22 ● Чудеса на десерт
Выбором официальной резиденции Набата, как и многим другим в его жизни, занимался курат Мендоса. Вернее, как-то на собрании высокопоставленных куратов Мендоса выдал Грейсону целый список заранее одобренных жилищ.
– Твои авторитет и известность растут, а значит, нам нужно укрепленное здание, которое в случае чего будет легко защитить. – Тут Мендоса показал ему документ, похожий на школьный тест с ответами. – Приверженцев у нас становится все больше, и мы получили достаточно средств, чтобы приобрести любое из обозначенных здесь мест.
Вот из чего предлагалось выбрать:
А) массивный каменный собор,
Б) массивный каменный вокзал,
В) массивный каменный концертный зал, или
Г) уединенное каменное аббатство, которое при иных обстоятельствах могло бы произвести впечатление массивного, но по сравнению с прочими альтернативами довольно скромное.
Последнюю альтернативу Мендоса включил в список, чтобы удовлетворить куратов, склонных к аскетизму. И Набат, в насмешку над торжественностью момента, сценически благостным жестом указал на единственный неправильный ответ – на аббатство. Частично потому, что для Мендосы это был самый нежелательный вариант, а частично потому что аббатство Грейсону, как ни странно, понравилось.
Здание, расположенное в парке на узкой северной оконечности города, изначально было музеем, которому специально придали вид старинного монастыря. Архитектор даже не догадывался, что замысел окажется настолько удачным, что его творение и правда станет монастырем. Народ назвал его Клойстерс[11]11
Клойстерс (Cloister (англ.) означает «монастырь») – филиал Метрополитен-музея в Нью-Йорке, в северной части Манхэттена. Посвященный искусству и архитектуре средневековой Европы, музей, открывшийся в 1938-м году, выстроен в виде средневекового монастыря.
[Закрыть].
Старинные гобелены, некогда украшавшие стенки аббатства, перекочевали в какой-то другой музей, посвященный искусству Эпохи Смертности, а вместо них появились другие – новые, но сделанные под старину, с тонистскими религиозными мотивами. При взгляде на них создавалось впечатление, будто тонизму никак не меньше тысячи лет.
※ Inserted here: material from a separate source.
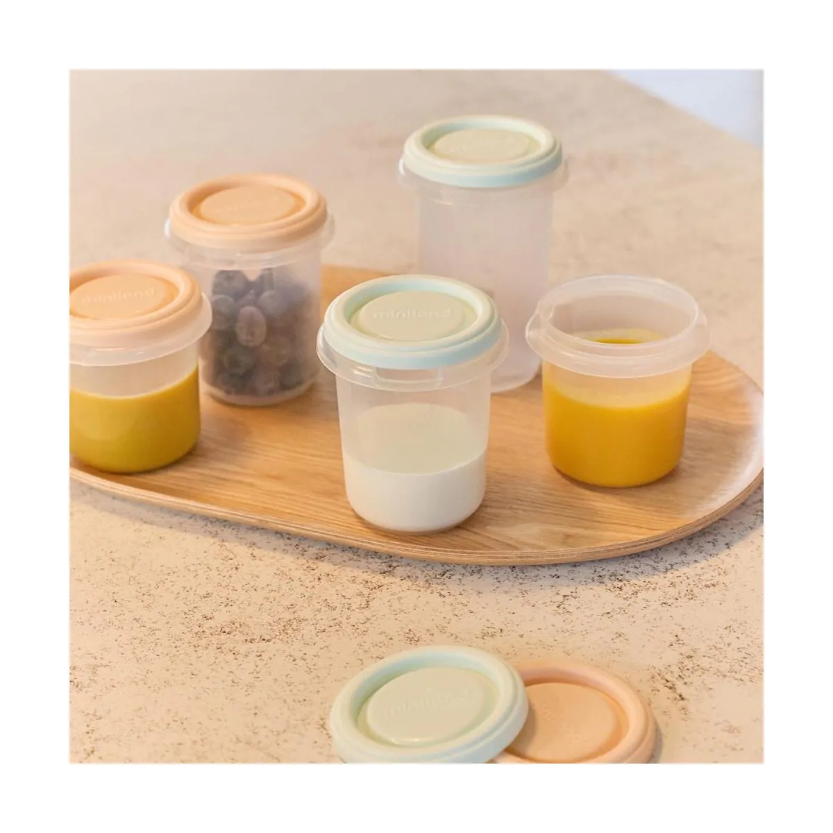 El Set de 6 Recipientes Dreamland de Miniland es la solución más completa y versátil para organizar la alimentación de tu bebé, permitiéndote conservar desde la leche materna hasta los primeros purés y alimentos sólidos.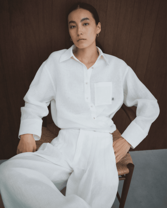 Linen message wrap Shirt ¥42,900Linen relaxed dress Pants ¥53,900

Грейсон жил здесь уже больше года, однако, каждый раз, возвращаясь в эти стены, не чувствовал, что приходит домой. Возможно, потому, что он в такие моменты еще оставался Набатом, облаченным в тяжелые вышитые одежды. Только добравшись до своих личных покоев, он мог снять их и снова стать Грейсоном Толливером – пусть лишь для себя самого. Все прочие всегда, независимо от облачения, видели в нем Набата.
Он постоянно твердил слугам, чтобы те не относились к нему с чрезмерным почтением, достаточно и простого уважения, но уговоры ни к чему не приводили. Все эти люди – правоверные тонисты, прошедшие тщательный отбор, – оказавшись на службе у Набата, смотрели на него как на божество. Когда он проходил мимо, они отвешивали земные поклоны, а когда он требовал прекратить это, впадали в экстаз – их укорил сам Набат! Ну что ты с ними будешь делать?! Как бы там ни было, они вели себя лучше, чем фанатики, – те дошли до такой крайности, что даже получили новое имя. Их теперь называли свистами. Свистящие согласные – это ведь такие отвратительные, режущие слух звуки!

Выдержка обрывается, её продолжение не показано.